→ WHAT YOU ARE ASKED TO DO
Where a picture appears, leave it out, and print the rest of the records as they are.

*** Opening of EXTRACTED RECORDS ***

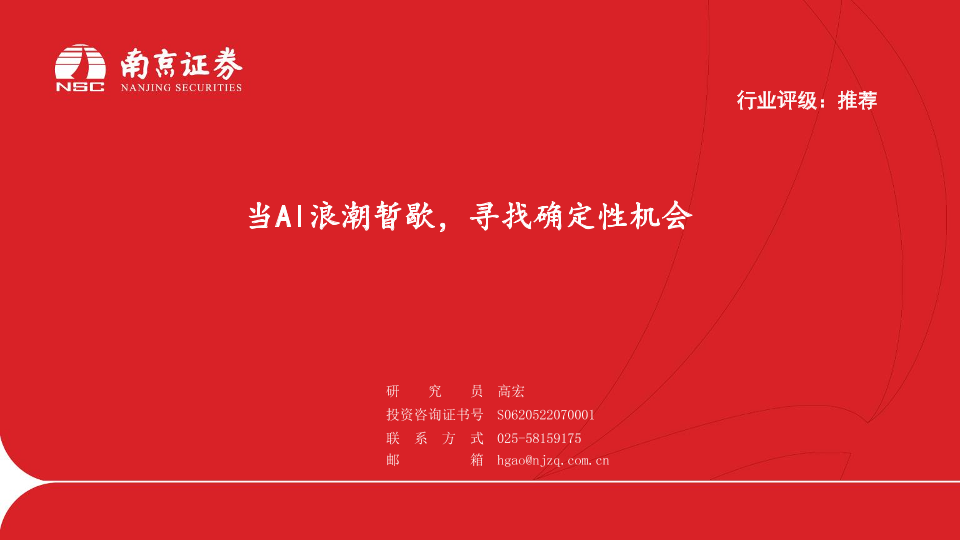 AI浪潮 南京证券 投资机会 证券分析 通信行业
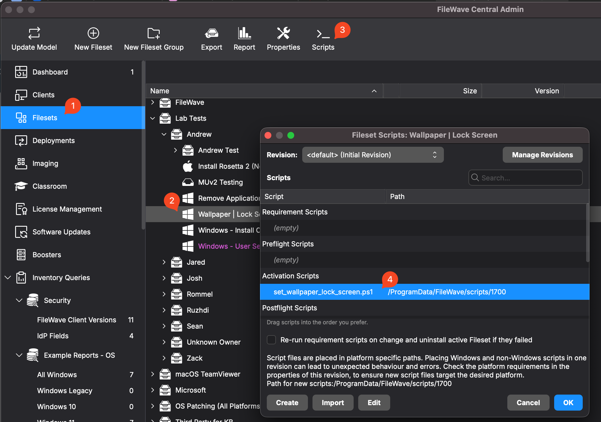 These scripts are designed for deployment through FileWave as a Custom Fileset and run under the SYSTEM account to ensure MDM Bridge access.
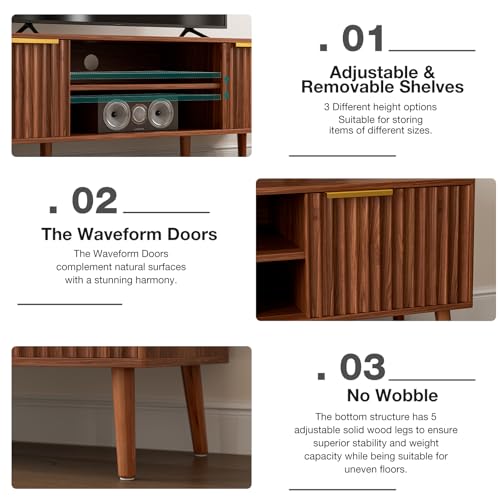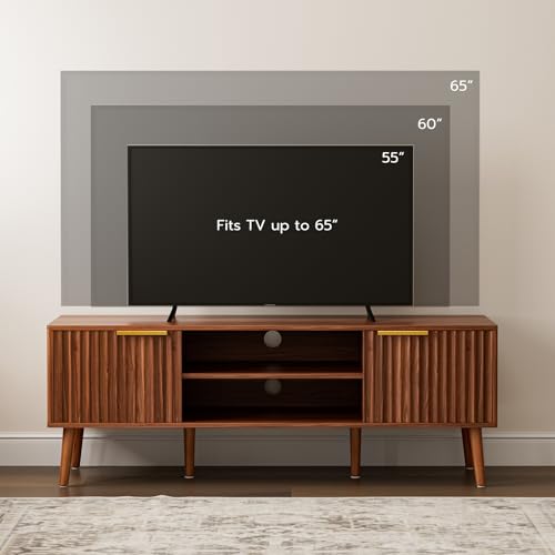 Specification: TV Stand for Living Room, Mid Century Modern Entertainment Center for 55/60 inch TVs, TV Console with Fluted Door Cabinets and Open Shelves, for Bedroom, Walnut
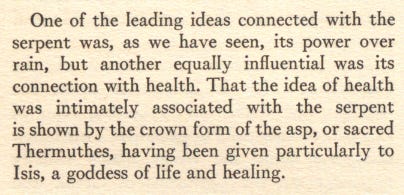 The snake has long been associated with healing, ironically, which you’ll see in Moses’ bronze serpent pole used to heal snakebites. In ancient Egyptian traditions, and Celtic, you’ll also find snake/healing associations.
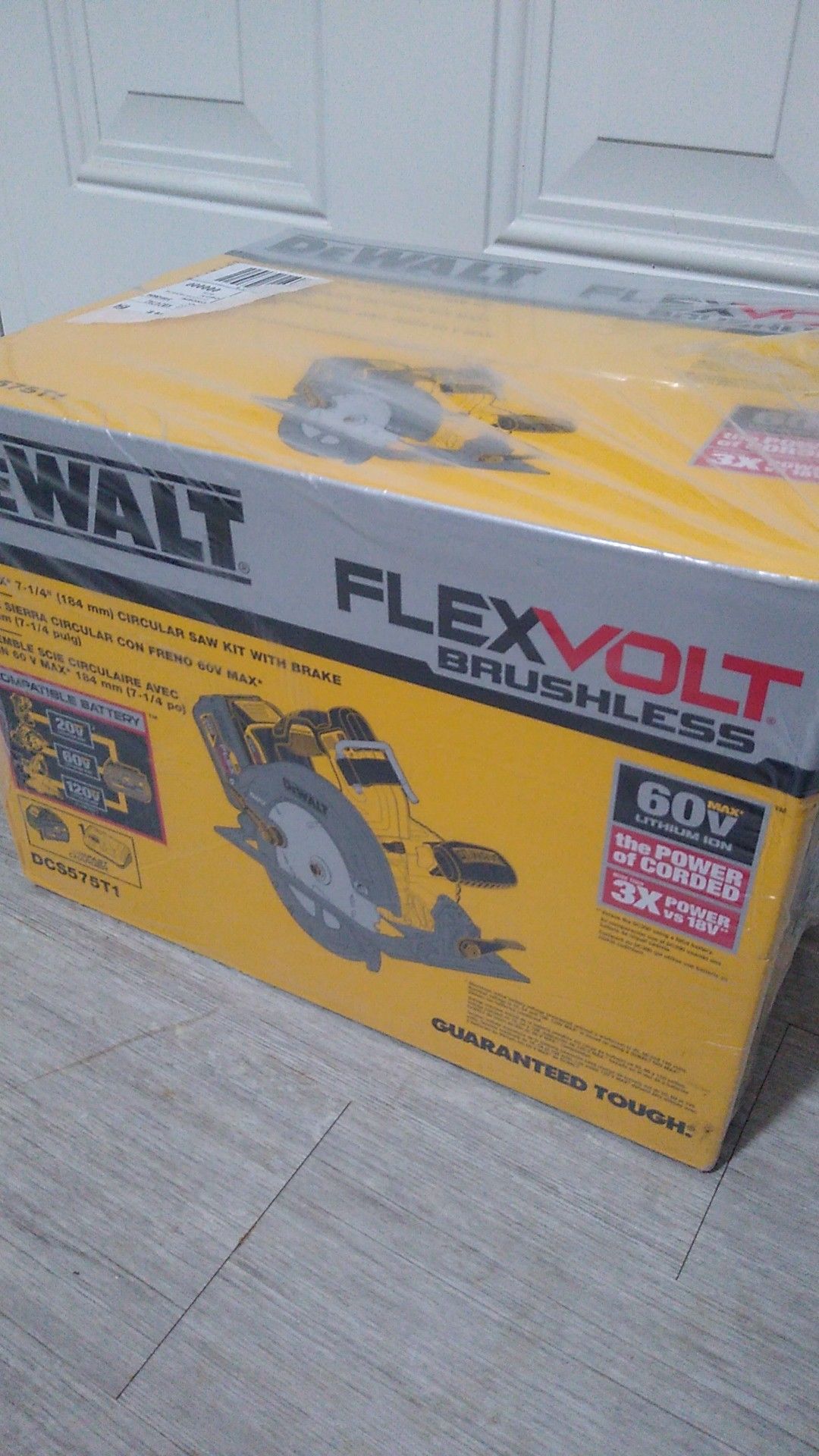 New Never used in box DeWalt 60v flex skill saw. With combo charger and flex battery
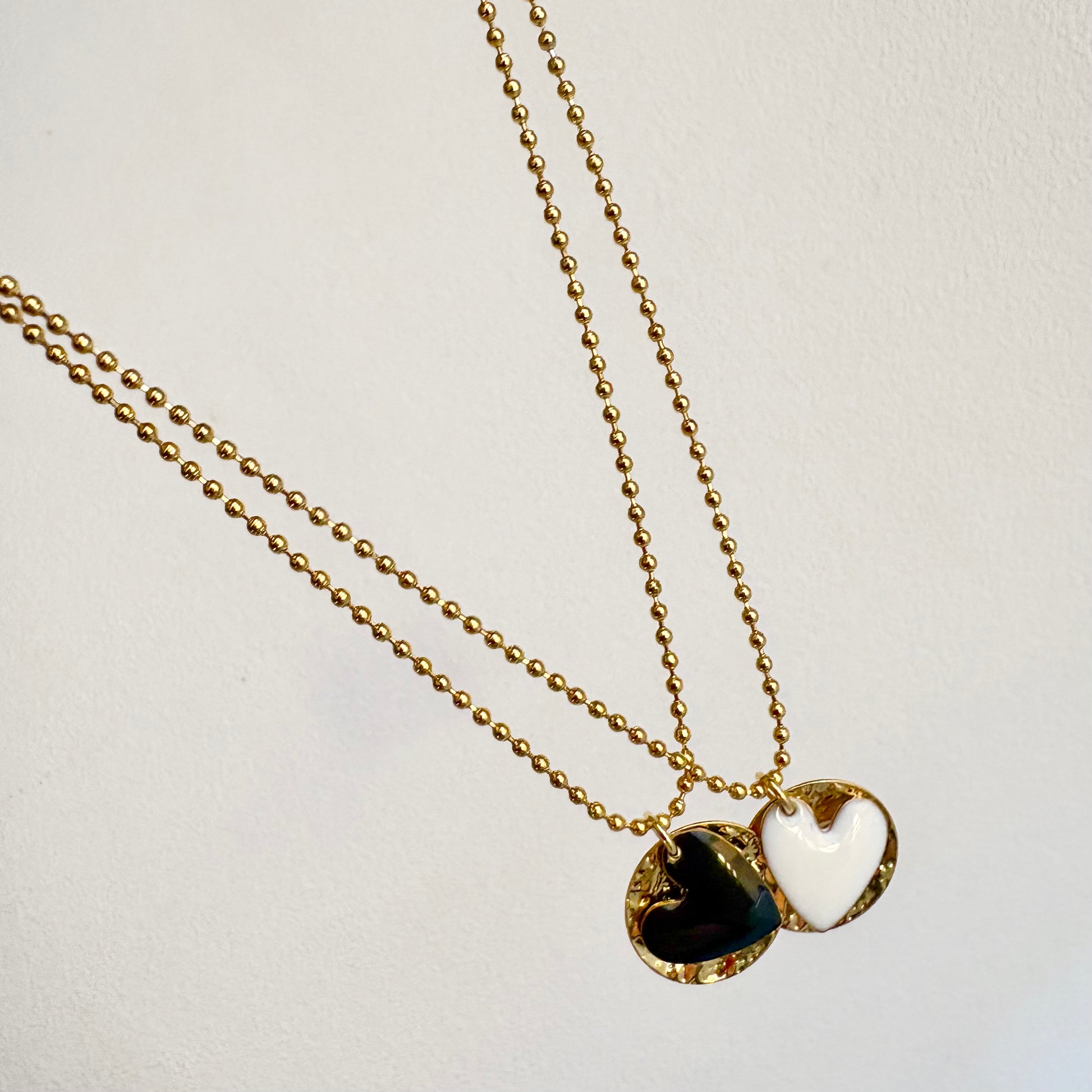 Catenina micropallini in acciaio placcato oro con medaglietta martellata e cuoricino colorato.

*** Close of EXTRACTED RECORDS ***

→ RESULT BELOW
 AI浪潮 南京证券 投资机会 证券分析 通信行业
 These scripts are designed for deployment through FileWave as a Custom Fileset and run under the SYSTEM account to ensure MDM Bridge access.
 Specification: TV Stand for Living Room, Mid Century Modern Entertainment Center for 55/60 inch TVs, TV Console with Fluted Door Cabinets and Open Shelves, for Bedroom, Walnut
 The snake has long been associated with healing, ironically, which you’ll see in Moses’ bronze serpent pole used to heal snakebites. In ancient Egyptian traditions, and Celtic, you’ll also find snake/healing associations.
 New Never used in box DeWalt 60v flex skill saw. With combo charger and flex battery
 Catenina micropallini in acciaio placcato oro con medaglietta martellata e cuoricino colorato.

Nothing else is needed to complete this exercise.